Commissioner Margrethe Vestager, in charge of competition policy, said:“When it comes to the interests of patients and healthcare systems, we have to make sure that prices stay competitive, that practitioners have sufficient choice and that promising innovative products are not abandoned by the merging companies. I am glad we have found a solution that allows this takeover to proceed, while ensuring that competition is preserved."
Commission's competition concerns
The Commission's investigation focused on the two areas of cardiovascular devices where Abbott and St Jude compete: vessel closure devices and devices used in electrophysiology procedures, in particular transseptal introducer sheaths.
- Vessel closure devices are used to close holes made in arteries in order to access the heart or vascular system for the purpose of treating a vascular disease. There are several methods for closing such holes, including manual compression, surgical suturing, closure assist devices and vessel closure devices. The market investigation revealed, however, that for certain interventions there is no alternative to using vessel closure devices. The investigation showed that the combination of Abbott and St Jude's range of vessel closure devices could have led to price rises, given the insufficient competitive pressure from the remaining players on the market.
- Electrophysiology products (EP) are used to diagnose and treat abnormalities in the timing and pattern of the heartbeat. Where these abnormalities are treated by means of minimally invasive surgery (a technique known as catheter ablation), transseptal sheaths are used for introducing and removing catheters. Prior to the merger, St Jude was the leader in the transseptal sheaths market, whilst Abbott had developed a product, Vado, which has the potential to become a strong competitor and challenge St Jude's position. The Commission has concerns that Abbott might abandon the launch of Vado after the transaction, thereby depriving doctors and patients of additional choice due to less competition.
The proposed commitments
In order to address the competition concerns identified by the Commission, Abbott offered to:
- fully divest St Jude's global vessel closure devices business, including its manufacturing site in Puerto Rico;
- divest the whole of Abbott's Vado business, including its shareholding in Kalila Medical, the company which developed Vado. Kalila Medical was purchased by Abbott in early 2016 but was not subsequently integrated into Abbott operations.
These commitments fully remove the overlap between Abbott and St Jude in the two markets where the Commission had identified competition concerns.
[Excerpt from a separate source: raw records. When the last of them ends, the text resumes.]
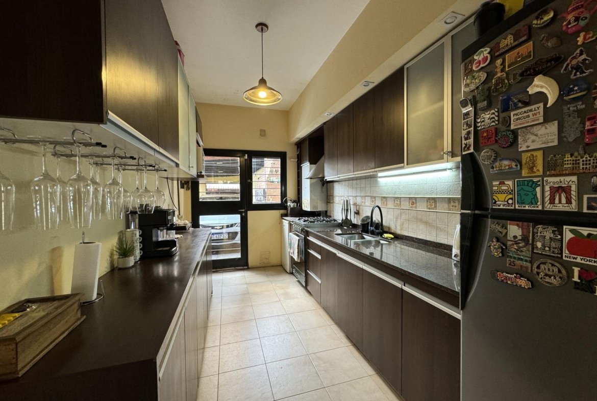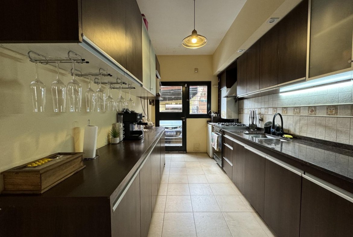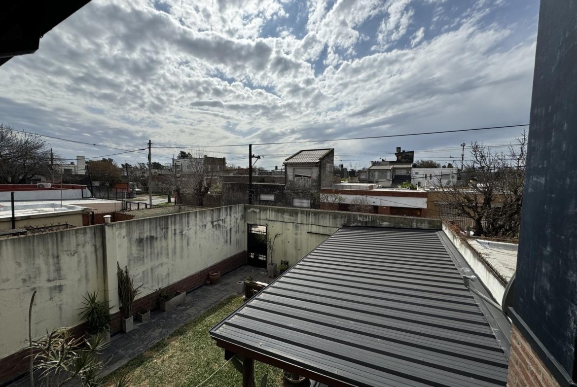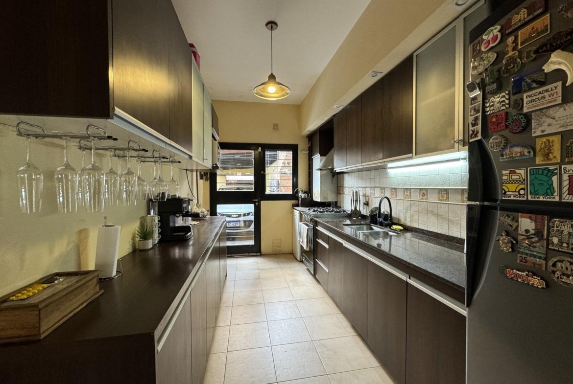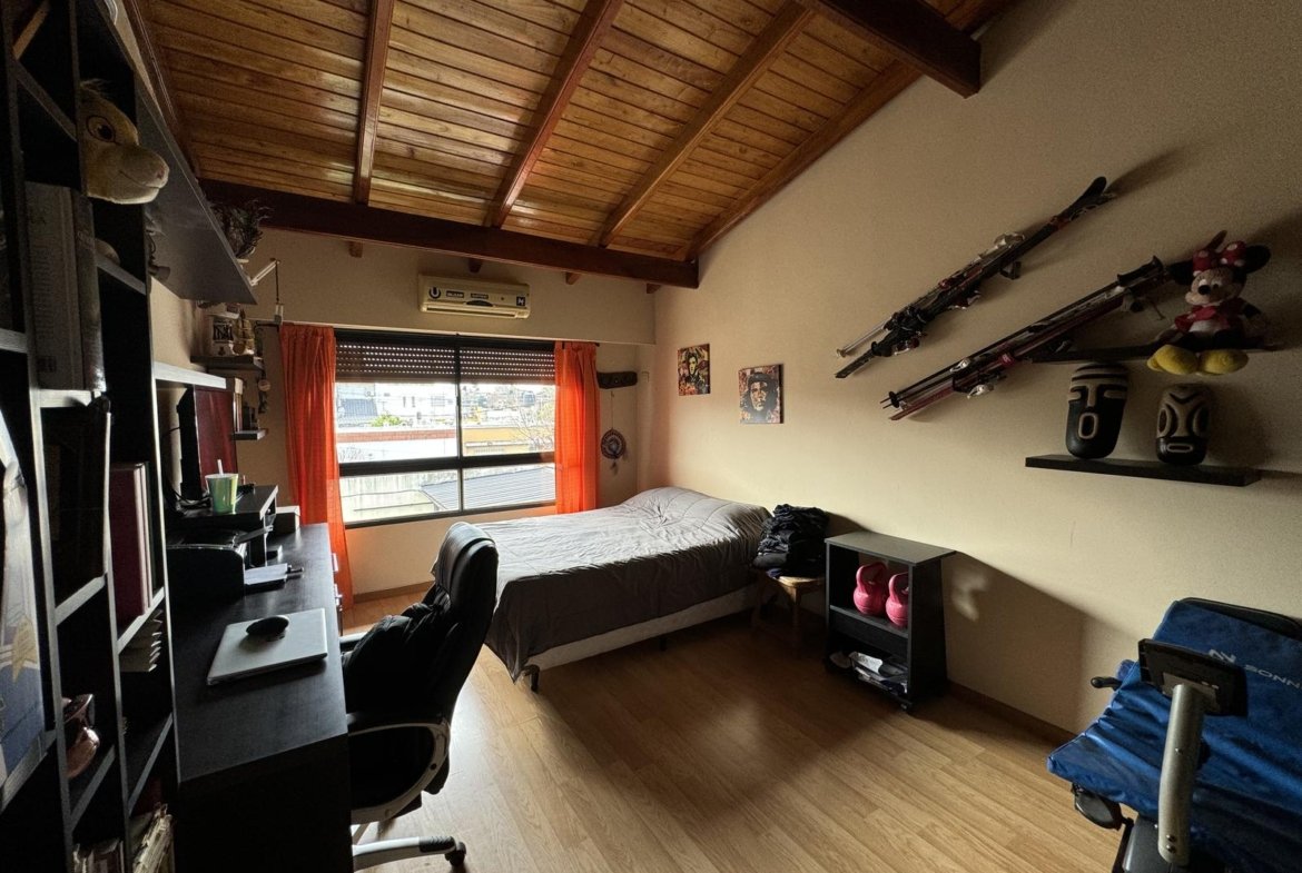 Hermosa propiedad distribuida en 2 plantas, sobre un lote de terreno de 198m2. La propiedad se encuentra recedida de la linea de edificación, primeramente tenemos un jardín, amplia cochera cubierta con espacio para dos vehículos, un parrillero. Dentro de la propiedad, nos encontramos con un hall de recepción, que nos conduce hacia el ambiente social principal. Un estar comedor de generosas dimensionas, con ventilación cruzada, y excelente luminosidad natural. Un hogar a leña hace de este ambiente un espacio ideal para disfrutar en épocas invernales. La cocina, totalmente sectorizada, dispone de amplio espacio de almacenamiento, bajomesada y alacenas y un mobiliario adicional al lateral, mesada de granito, horno a gas con extractor, este sector tiene ventilación natural, y un segundo ingreso. Contiguo a la cocina, un toilette de servicio, y el lavadero. Al fondo del terreno, un patio seco. En planta alta, 3 dormitorios con placard e interiores, asistidos por un baño que se encuentra dividido el sector bañera con ducha con el de sanitarios, en el medio de ambos el vanitory con dos bachas. El dormitorio principal posee vestidor y salida a un balcón.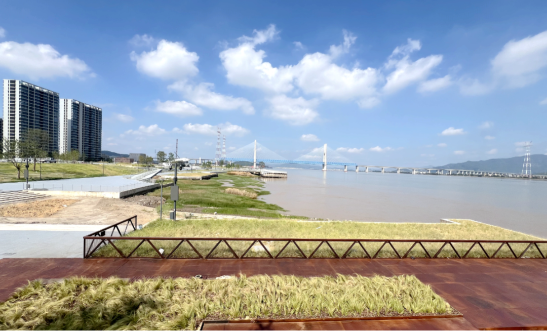 从工业遗址到生态绿廊,从“工业锈带”到“生活秀带”。目前,椒江滨江公共空间“加长版”——江南城西段海塘岸线整治及生态修复工程(学院路至教七路段高滩地生态修复)全面完工。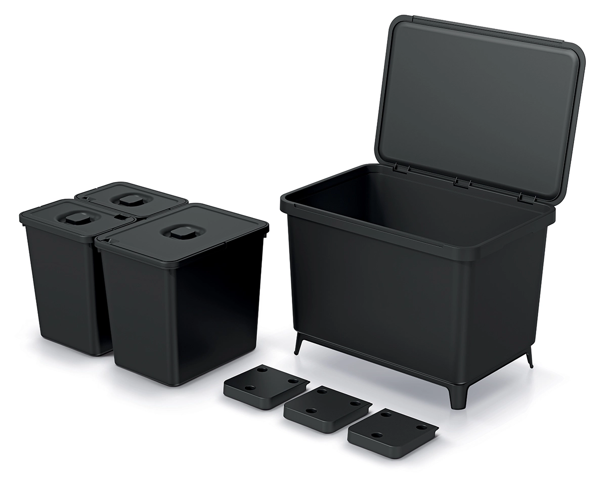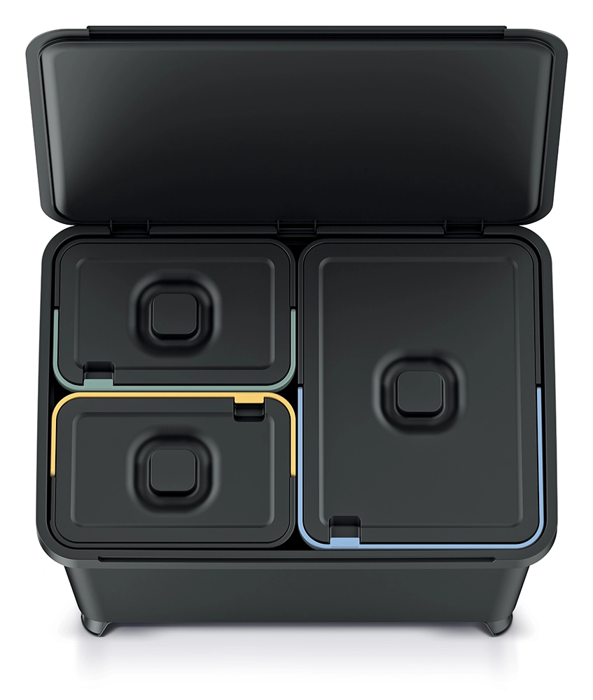- Trois bacs séparés – 1× 23 l pour les ordures ménagères et 2× 10 l pour le tri.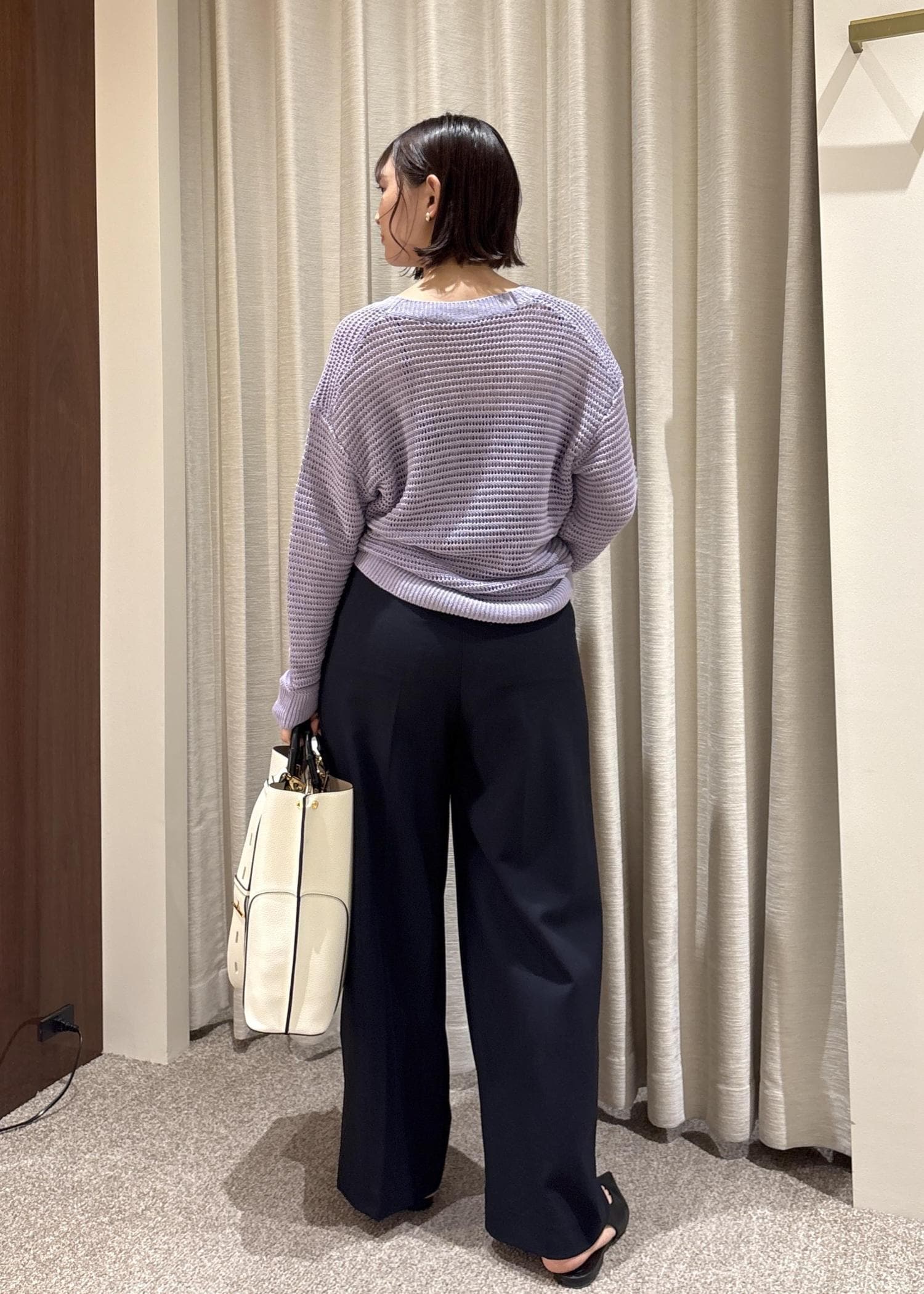 きれいなパープルカラーのニットにシンプルなネイビーの

The Commission was therefore able to conclude that the proposed transaction, as modified by the commitments, would no longer raise competition concerns. The decision is conditional upon full compliance with the commitments.
Given the global reach of the companies' activities, the Commission cooperated closely with competition agencies in other jurisdictions, including in particular the US Federal Trade Commission.
Companies and products
St Jude is a US company active in the development, manufacturing and sale of cardiovascular medical devices, including traditional cardiac rhythm management products, cardiovascular products and atrial fibrillation products.
Abbott is a US company active in the development, manufacturing and sale of various healthcare products, including medical devices comprising vascular products, optical products, diabetes care, diagnostic products and pharmaceutical products.
Merger control rules and procedures
The transaction was notified to the Commission on 3 October 2016.
The Commission has the duty to assess mergers and acquisitions involving companies with a turnover above certain thresholds (see Article 1 of the Merger Regulation) and to prevent concentrations that would significantly impede effective competition in the EEA or any substantial part of it.
The vast majority of notified mergers do not pose competition problems and are cleared after a routine review. From the moment a transaction is notified, the Commission generally has a total of 25 working days to decide whether to grant approval (Phase I) or to start an in-depth investigation (Phase II). This deadline is extended to 35 working days in cases where remedies are submitted by the parties, such as in this case.